For instance, suppose you have to leave Los Angeles at 8 AM and arrive at New York at exactly 10 PM. Now, in case are not aware, the mass of the earth distorts space-time, making people deep in its gravity well (that is, close to its surface) experience slightly less time that those that are far away from the surface. So if you want to spend the most time in your cross country flight as possible (have some last minute work to get done or something) it might be a good idea to get away from the gravity well. But if you go too far away, and then come back, you’ll have to accelerate to a high velocity to make it out and back in the time alloted. Going at a high speed means that you experience less time. So you want a balance between getting away from the earth’s gravity well and not going to fast. It turns out that the best possible curve is basically a parabola, that is, exactly the path that you would take if you left the earth with a certain velocity, did not accelerate, and just followed a ballistic (that is, unpowered) trajectory to New York. What looks to us like curved paths are actually the longest possible paths, are therefore, in a sense, the “straighest” paths. That is, they are geodesics on the space-time manifolds, to throw out a bunch of fancy terms.
As for the sign difference, that’s just a matter of notation. If you take t^2 to be positive, then that’s “time distance”. A positive time distance between event A and and event B (“event” refers to a point in four dimensional space) represents the most time that it could have taken a signal to go from event A to event B. If the time distance is positive, then in every frame of reference event A will appear to occur before event B. The amount of time will be relative to reference frame, but the order is absolute. If, however, one takes space be positive, then one gets the space distance. If two events have a positive space distance, then it means that there is more space between the two events than can be crossed by any particle moving at a speed equal to or less than light speed.

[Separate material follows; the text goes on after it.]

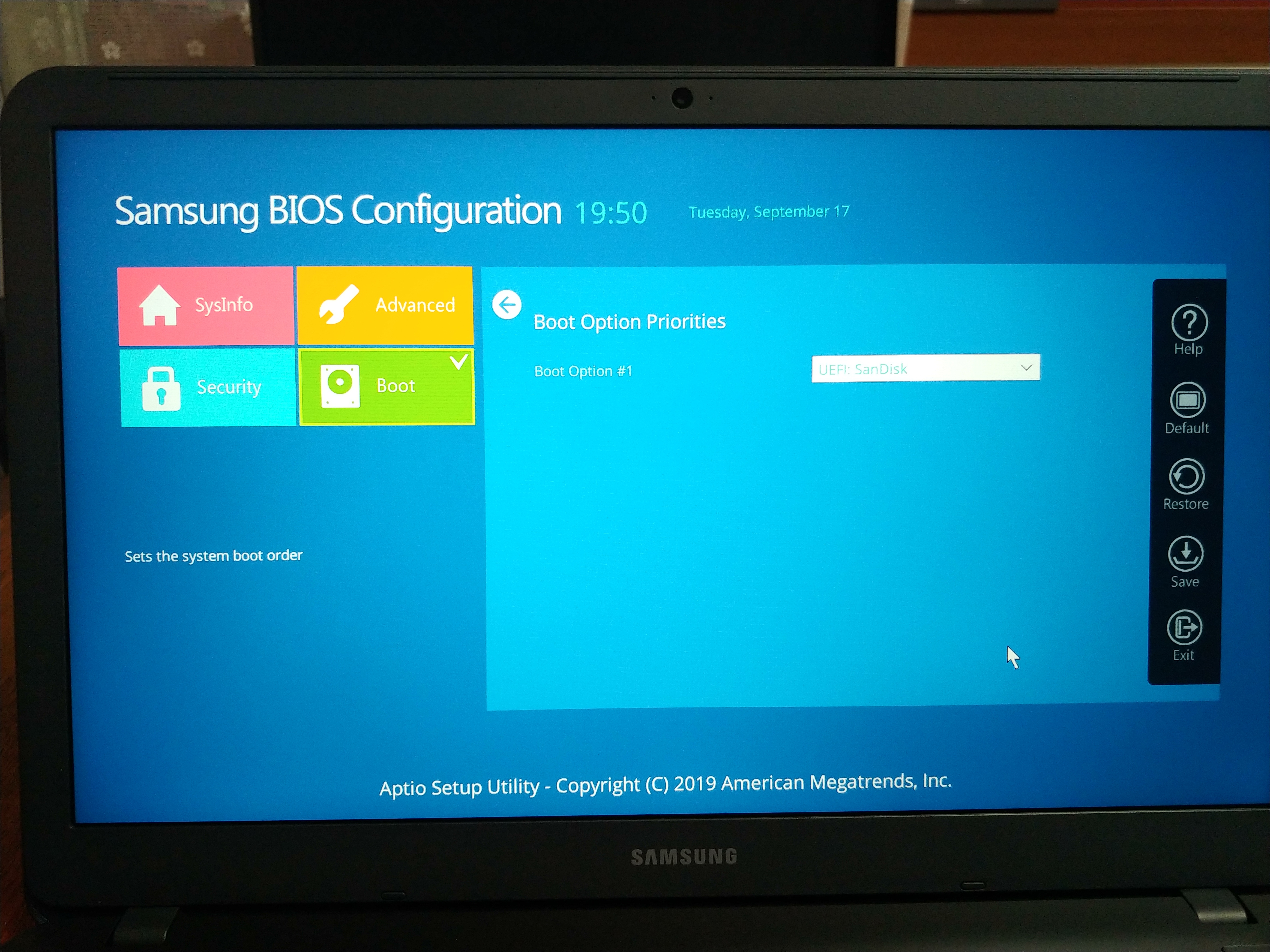 Boot (부팅) 아이콘을 클릭하고 부팅 옵션에 USB 메모리를 선택합니다. 위의 사진에서는 UEFI: SanDisk로 USB 메모리가 인식되네요. Save를 누르고 다시 컴퓨터를 시작하면 윈도우 설치가 시작됩니다.

Different reference frames will disagree about which event occurred “first” since the events are “too far apart” to get an absolute order.
I hope this has shed at least some light (no pun intended) onto the issue. If you have specific points you’re still confused about, or clarifications to make, please let me know. I’m sure that there are more elegant ways of explaining this stuff; in fact Feynman probably has written one somewhere.